──────── DATA

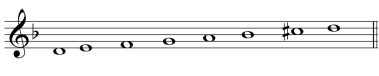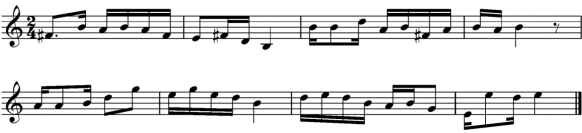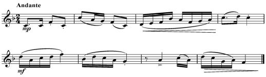 单声部旋律:高音谱表;8小节;调号为一升或一降;音域为f-a2以内。
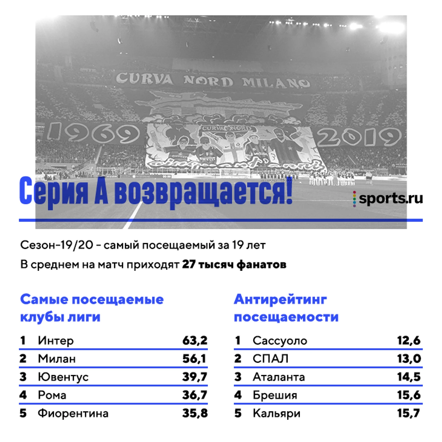 • «Интер» и «Милан», как известно, играют на одном и том же стадионе – легендарном «Сан-Сиро» вместительностью 80 тысяч. «Интер» опережает соседей по простой причине – лучше играет в футбол. При этом оба миланских клуба прибавили по сравнению с прошлым сезоном – «Интер» стал собирать больше на 3 тысячи человек, «Милан» – на две. Это отчасти поспособствовало общему росту посещаемости серии (в среднем посещаемость выросла на 2 тысячи, показатель сезона-18/19 – 25,1).
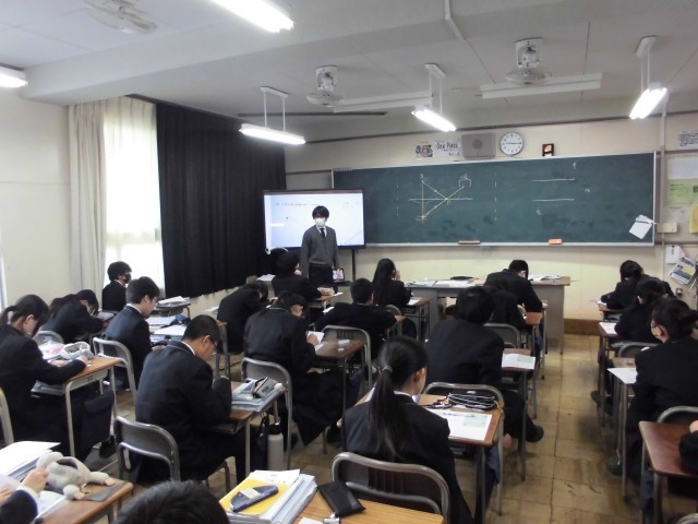 4枚目は1年生「数学」の様子です。移動と作図の利用について学習をしています。「羊を放牧場から出して、川で水を飲ませてから小屋へ帰ります。道のりを最も短くするためにはどのコースを通ればよいか?」という問題を考えていました。これまでの学習を思い出しながら、集中して学習に取り組んでいました。

────────────────

TASK PROMPT: Could you output the listing word for word, omitting every picture?

ANSWER TO THIS TASK:
 单声部旋律:高音谱表;8小节;调号为一升或一降;音域为f-a2以内。
 • «Интер» и «Милан», как известно, играют на одном и том же стадионе – легендарном «Сан-Сиро» вместительностью 80 тысяч. «Интер» опережает соседей по простой причине – лучше играет в футбол. При этом оба миланских клуба прибавили по сравнению с прошлым сезоном – «Интер» стал собирать больше на 3 тысячи человек, «Милан» – на две. Это отчасти поспособствовало общему росту посещаемости серии (в среднем посещаемость выросла на 2 тысячи, показатель сезона-18/19 – 25,1).
 4枚目は1年生「数学」の様子です。移動と作図の利用について学習をしています。「羊を放牧場から出して、川で水を飲ませてから小屋へ帰ります。道のりを最も短くするためにはどのコースを通ればよいか?」という問題を考えていました。これまでの学習を思い出しながら、集中して学習に取り組んでいました。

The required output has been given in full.